No, send me back home.
If I’m caught working illegally tomorrow, send me back across the 49th parallel. But don’t mistake my presence for protest. I wasn’t trying to game the system — I wanted to be part of it. A cog in the American machine. My reasons wouldn’t fit on an immigration form: I was bored of Vancouver, still the little city that could—but didn’t. I’d traveled most of the world as a kid, but something in me longed for Vermont’s pastures, greasy Chinese takeout in Hell’s Kitchen, and sneaking into Dolly Parton’s theme park at 2 a.m. in Tennessee.
In the right light, everything I did could be read as pure Americanism.
Kerouac, the avatar of American freedom, only visited 17 states. Steinbeck, in Travels with Charley, covered 28. My mentor, Bill Bryson, managed 38. Me? I hit all 50. Slept in my car. Ate at gas stations. Crossed the entire country alone — fascinated, foreign, and utterly grateful.
Thank you, America. You once shined.
Then Came the Roadwork
There was a time — the Apple Pie years — when America glowed with something close to innocence. The 1980s and 90s. When John Hughes films gave us small-town sanctity and flag-waving wasn’t a political act, just a gesture of shared belonging. Families read Better Homes & Gardens. People decorated with optimism. America wasn’t just a country — it was the country.
But that era faded. Now the place feels like it missed an exit, veered off the International Highway, and flipped into a ditch teeming with social justice alligators. Chaos. No map. And the rest of the world drives by, unwilling to stop.
Into that comes Trump — part detour, part demolition crew.

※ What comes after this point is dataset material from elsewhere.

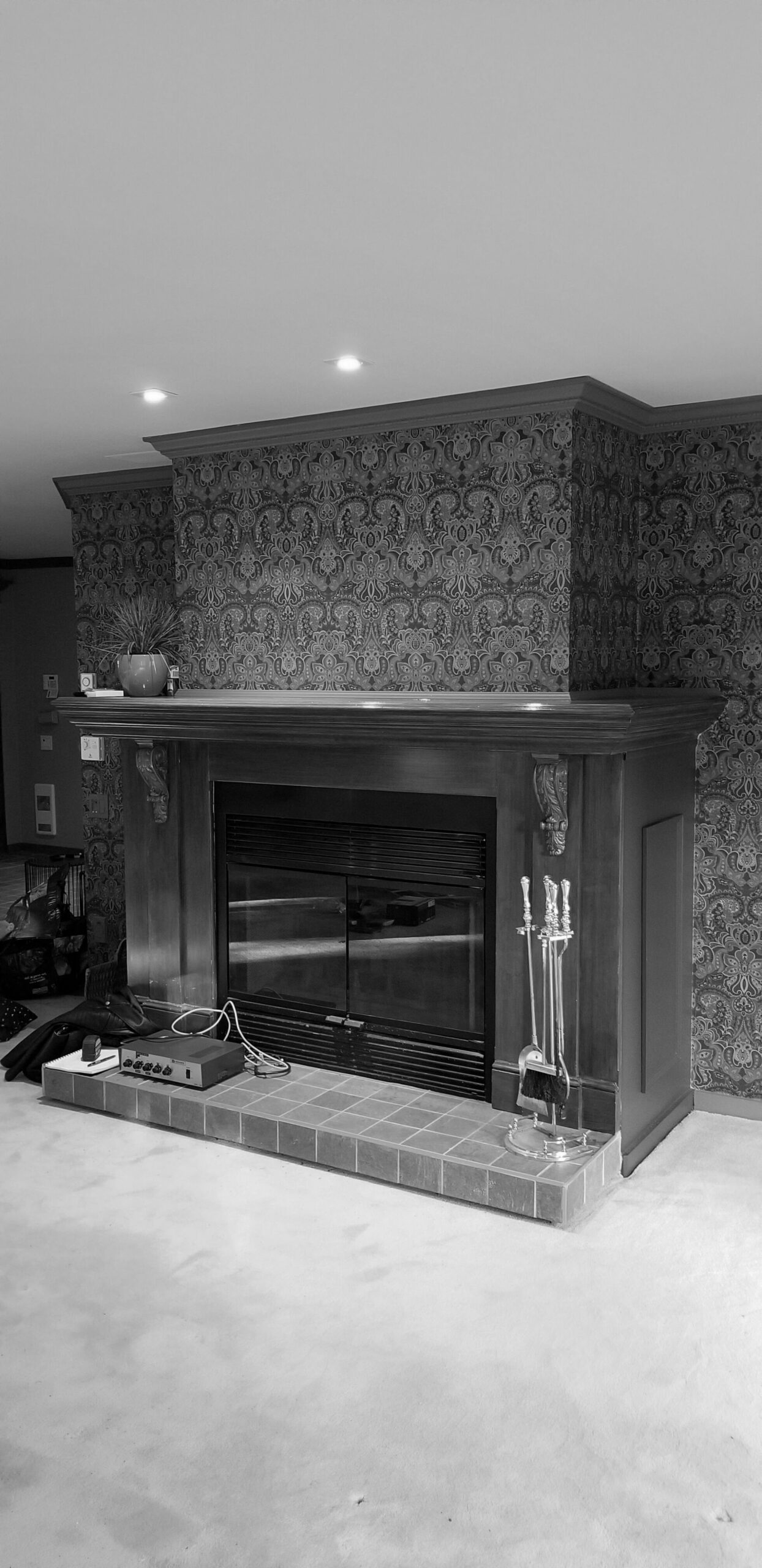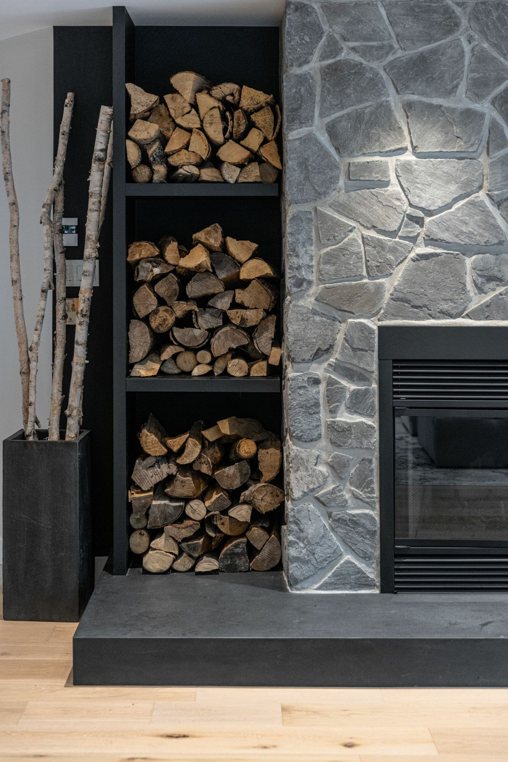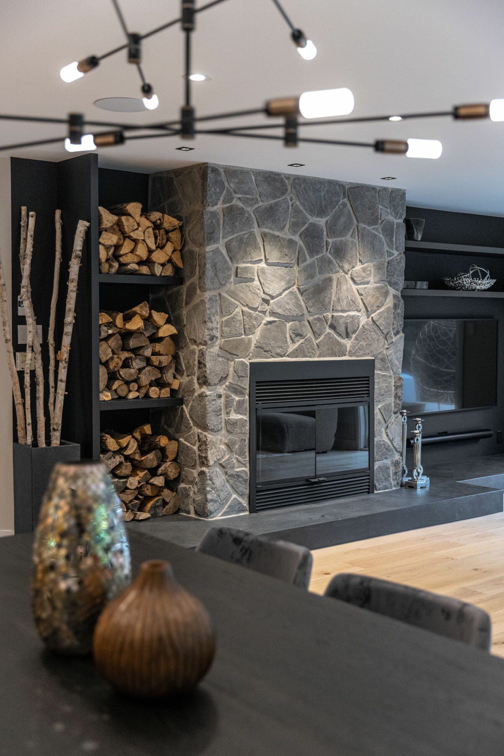 Pour le foyer, j’ai complètement repensé l’espace entourant celui-ci. J’ai choisi une belle pierre de type Field Stone pour le manteau de foyer pour son cachet et son allure rustique qui se marie bien avec le style contemporain. J’ai créé des caissons ouverts pour exposer les bûches et j’ai choisi une ardoise noire pour faire la base qui souligne et uni le foyer et le coin télévision. Le tout insuffle un côté très chaleureux au salon.

At his worst, Trump’s presidency feels like a construction zone that swallowed the entire country. Orange cones in every direction. Everyone honking. Promises of a smooth ride just ahead, if you can make it past the wreckage.

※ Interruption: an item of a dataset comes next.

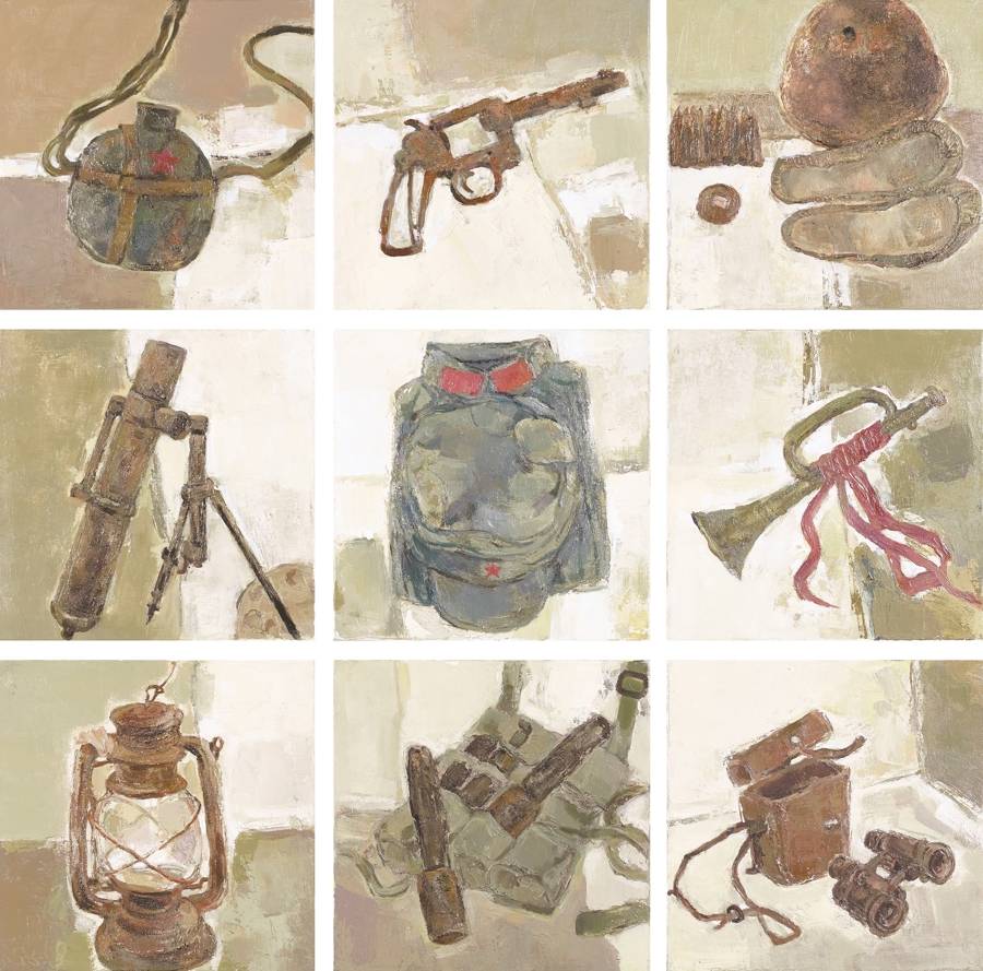 今年是中国人民抗日战争暨世界反法西斯战争胜利80周年,不少作者也在作品中用艺术语言唤醒人们对那段峥嵘岁月的记忆。赵惊树的油画《锈色长歌》以九件红军老物件为载体,搭建过去与当下的情感桥梁。九宫格里既有水壶、军服,也有喇叭、灯、手枪等,这些老物件是具象化的精神图腾,曾伴先辈征战,承载热血信念。粗糙斑驳的肌理,恰似岁月蚀刻的勋章。“我希望通过红军各种不同的物件立体呈现他们工作生活的状况,让现代的人能睹物思人,了解战争的残酷,不忘那段烽火岁月。”为此,在徐汇区文化单位工作的赵惊树屡次去上海市历史博物馆去参观、拍摄老物件,然后进行甄选。水壶和喇叭上的飘带令物件动感起来,成为连接今人和先辈的情感纽带,于锈迹中吟唱不朽长歌。

Is he trying to rewind the clock to that American peak? Maybe. And if I were American, I might even support the ambition — but not the execution. Trump hammers at everything, hoping some nail dares to stick out. It’s not restoration. It’s rage carpentry.
I don’t know what a detour from this detour looks like.

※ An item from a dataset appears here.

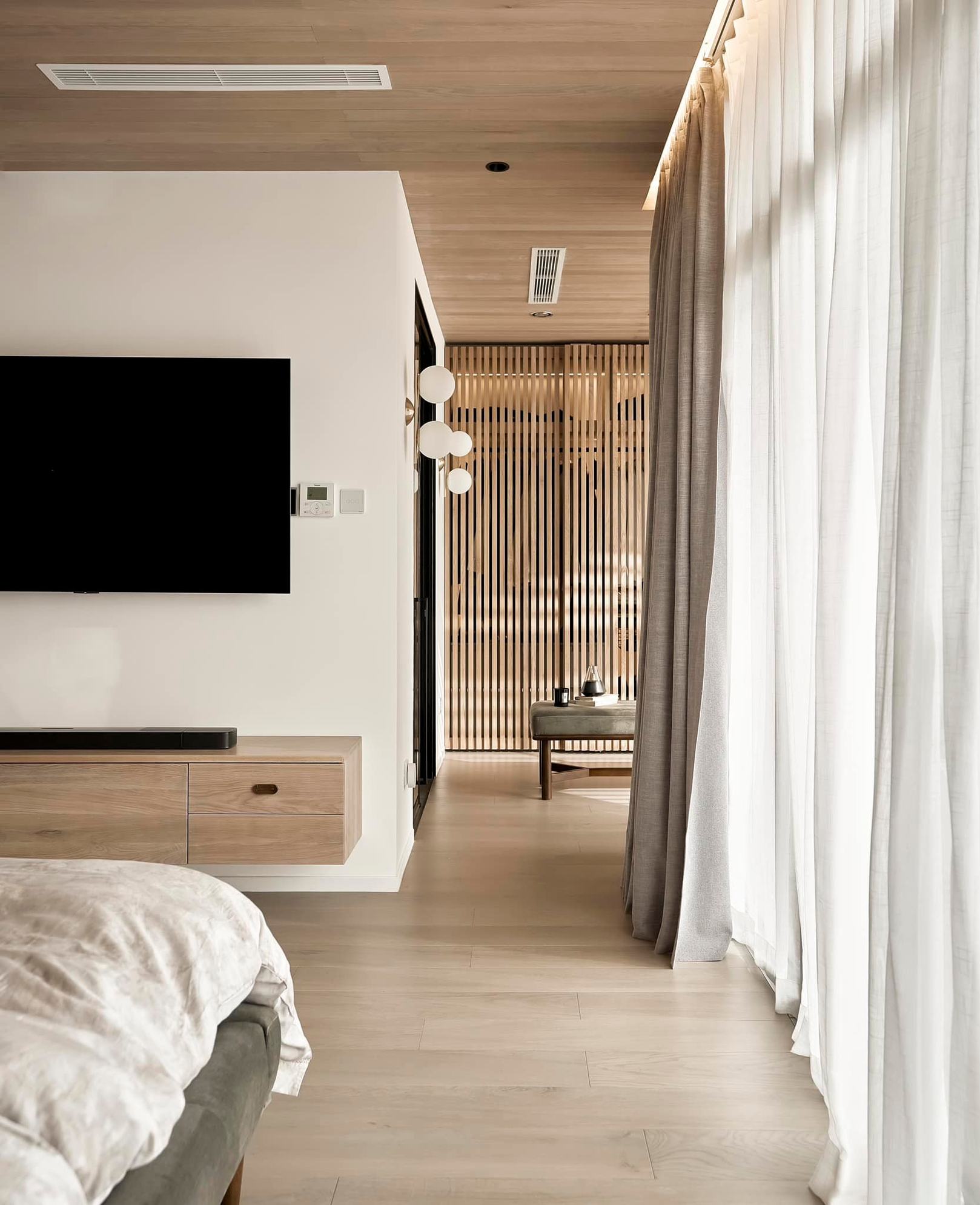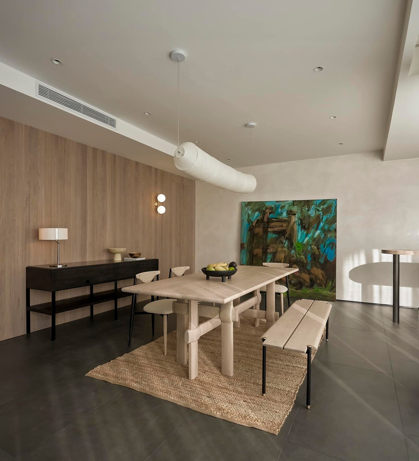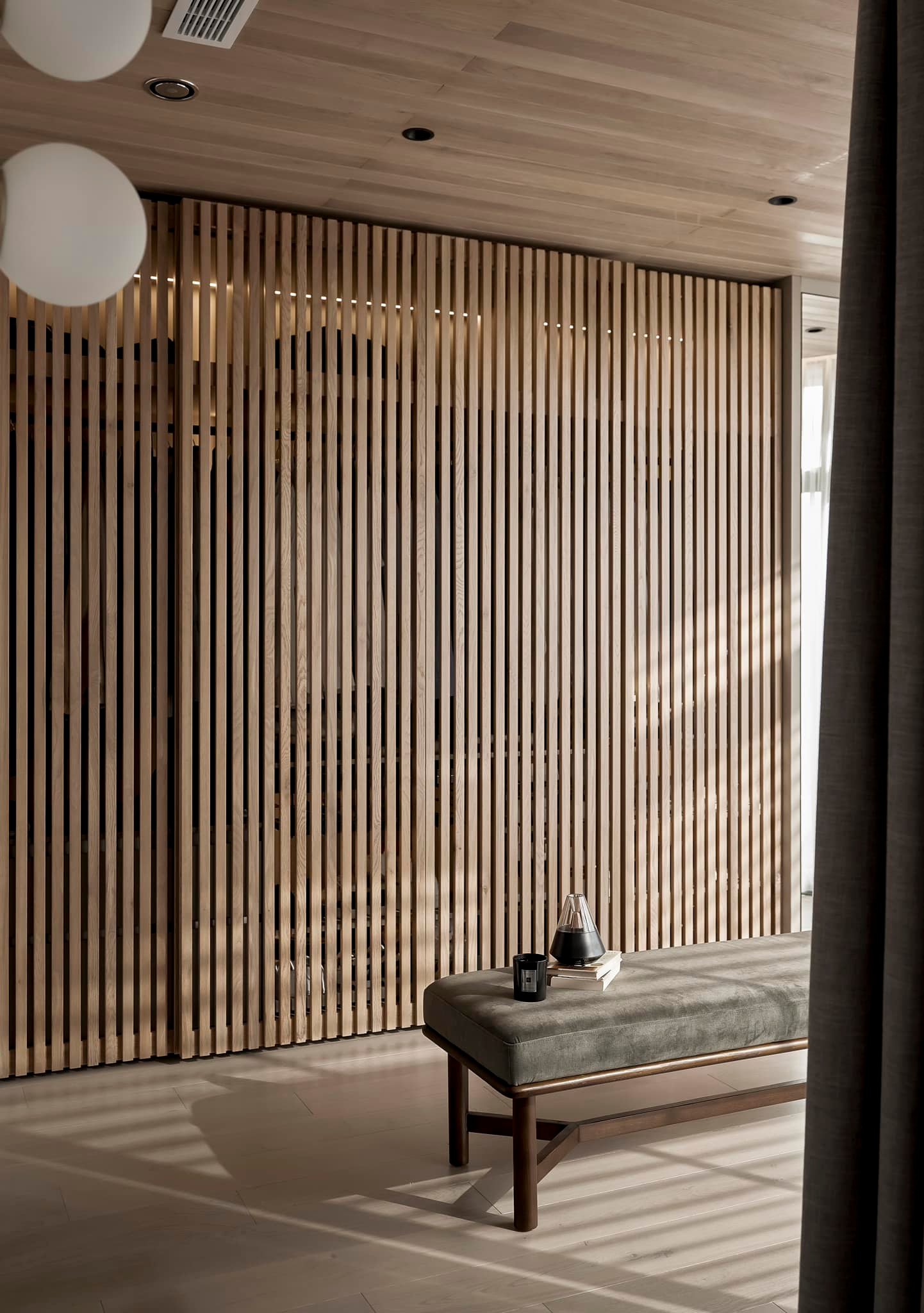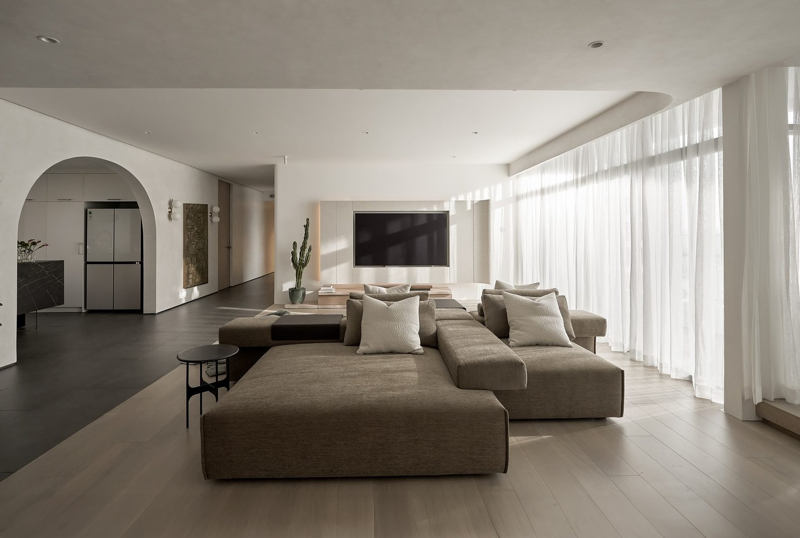生活有一百种过法,简单而平常才是生活的样子卸下一身的城市繁华,让心灵在家的温暖中徜徉。本案的常住人口是3人,经过沟通,我们很快的锁定了设计思路,将风格定为现代简约风,以全新的格局诠释生活的百般情景,让空间的韵律在均衡与秩序中徐徐展开,在这里,隐秘与开放的并行,丰富了生活体验。还在精装原有硬装基础上进行整改优化,配色上融入原木,大理石等元素,构建一个内敛沉静的居室,最终改造后呈现这个家,自带时间洗礼的韵味和故事感,别有一番风味。考虑到屋主的睡眠质量,生活日常等,通过对格局二次布局规划,重组的方式,使空间功能增加,动静进行分区,将原本的现代原木风格在视觉上变得更加温馨。 户型图 1.入户玄关增加收纳柜,保证屋主进出门空间的储物需求。 2.双卫设计满足多口之家日常所需,贴合屋主日常所需每一寸角落都高效利用。 3.休闲室是邻窗的开放式空间,与客厅巧妙联动。 玄关 入户处是一个开放式的玄关空间,无过多的元素堆砌,以原木+白为主色调,温和静谧之中,又不乏高级之美。靠着墙的一侧,设计了顶天立地的玄关柜,内含充足的储物空间,凸显实用性的同时与浅木纹理的外观质感相匹配。左侧的部分则同样选择木饰面材质,强调从入户材质一直延申到室内区域的过渡空间的整体感。 #玄关#玄关柜#绿植 客厅 顺着玄关来到客厅的位置,整个面积十分充裕开阔,直通透明敞亮的落地窗,视野极佳。地面上通铺着温润自然的原木地板,与过道做出区分,简约好打理。墙面则选择白色粉刷,加上中间区域无吊顶的设计,拉高纵向层高视野,使空间呈现清爽又开阔的美感。 #客厅#地板#极简风 视线移步于开放会客厅,组合式的绿色模块沙发,塑造出松弛且灵活自如的场景秩序。它作为整个空间的交互核心和灵魂,打破传统的沙发摆放形式,以“岛屿”的形式呈现,弱化客厅的存在,将客厅作为一个可成长的空间。再放置一张椭圆形的茶几,足以满足屋主休闲于待客的需要,简约好打理。 #客厅#沙发#茶几 客厅无主灯的设计将光源隐藏在天花板与墙壁中,以间接照明的方式营造出柔和,均匀的灯光照明,使得整个空间看起来更加统一,整洁。沙发对面设计的是电视墙的区域,我们在原有墙面的基础上局部叠加了一块长方形的面板,电视机内嵌其中,增添墙面层次感。下方则是设计了一个原木的地柜提供物品收纳的空间。 #客厅#电视柜#简约风#无主灯 休闲区 顺着客厅向后侧望去,是一个开放式的休闲区域。这里的空间与客厅共同享有优质采光条件,设计赋予住宅温柔的奶油色调,抬高地台与地板覆盖着温润的木质,光影下,自然的纹理质感与暖白色形成呼应,邻窗再放置两张同色系的布艺沙发躺椅,让整个空间更有温度。右侧靠着墙放置了一盏落地灯,营造出舒适休闲的阅读娱乐放松区,满足屋主精神充电的需求。 #休闲区#地台#落地灯 餐厅 在餐厅,家人与朋友的欢声笑语交织成最动听的旋律,共享美食的同时,也共享着那份亲密无间的温馨时光。一张长方形的原木餐桌放置在中央,这类款式的实用性极强,四周都可以摆放原木餐椅,容量充足,更符合多人用餐的需求。在里侧沿着墙壁打造了一个黑色系的餐边柜,上有留白下有空间可随意放置收纳物品,增加收纳的空间。 #餐厅#餐桌#餐椅 餐桌上方安置了一个悬挂式的吊灯,管状的造型充满现代时尚风味。原木饰面为装饰提供温润自然的背景板,整体更加美观协调。而餐厨一体化的设计拓宽了空间视野,并以原木色调贯彻始终。木质家具散发着自然韵味,其细腻纹理勾画出静谧而高雅的用餐环境。 #餐厅#餐桌#吊灯#原木 厨房 厨房紧挨着餐厅,开放式的设计能让区域间相连更加紧密。一字型的操作动线,定制的白色橱柜与全屋的风格相一致,与大理石的混搭更显风格的沉稳感。还定制橱柜将空间充分利用起来,邻窗的橱柜恰好容纳电器,上下的空间加强厨房的收纳空间。而外侧的岛台,经典实用,保证公区的清爽整洁。 #厨房#岛台#开放式厨房 厨房岛台与客厅相邻,共享落地窗的优质采光,无论是从客厅望向餐厅,还是从餐厅望向厨房,都是非常和谐的空间感受,在这里用餐,喝咖啡,聊天互动都成为一种享受和幸福。整体搭配依然延续客厅主色调。长方形的岛台采用大理石的材质,利于日常的烹饪与清洁工作。 #厨房#岛台 过道 站在过道看过去的尽头是玄关,走廊两边一边是客厅一边是餐厨区。白色配色构成极简气息十足的过道,地面铺设深灰色瓷砖,串联玄关与餐厨区域提升空间互动感。沿着过道平铺的筒灯则为过道蒙上微黄的灯光,步步生莲熠熠生辉。 #过道#筒灯#动线 客厅无主灯设计让空间瞬间显大一倍,大平层开阔的感觉更为突出。走廊采用柔光地砖无形中与客厅形成视觉分割,空间整体井然有序,展现出家的温馨之意。 #过道#地砖#绿植 卧室 卧室在温馨氛围中彼此衔接,缔造着未来可期的日常生活往事。一张舒适的双人床靠墙放置在卧室的中央,床头的墙面选择带有纹理的浅棕色,增添墙面层次感。搭配现代感床头柜,用造型给空间以趣味感,上方还悬挂着一个可移动式的床头灯。而顶部墙面转角的圆润造型更加凸显本案的温柔感。 #主卧#卧室#床头柜#壁灯 电视悬挂在与床相对的墙面上,下方设计一个悬浮式电视柜,丰富屋主在卧室的娱乐互动。地面上通铺着原木地板,顺着向前的方向,便是封闭

Fleeing to Canada? You’re welcome here — if you qualify. And if not? We’ll deport you, too. Quietly. Cleanly. That’s sovereignty.
Final Exit?
The truth is: America was once beautiful. And it was innocent. But time doesn’t care.
Now it echoes through TikToks, talk shows, and threads of outrage, trying to remember its lines. It wanders through a deep, digital forest — looking for Main Street, U.S.A., but always arriving at another parking lot argument.
If Trump’s still trying to find the way back, he might want to stop hammering.
The dream doesn’t need another nail. It needs a map.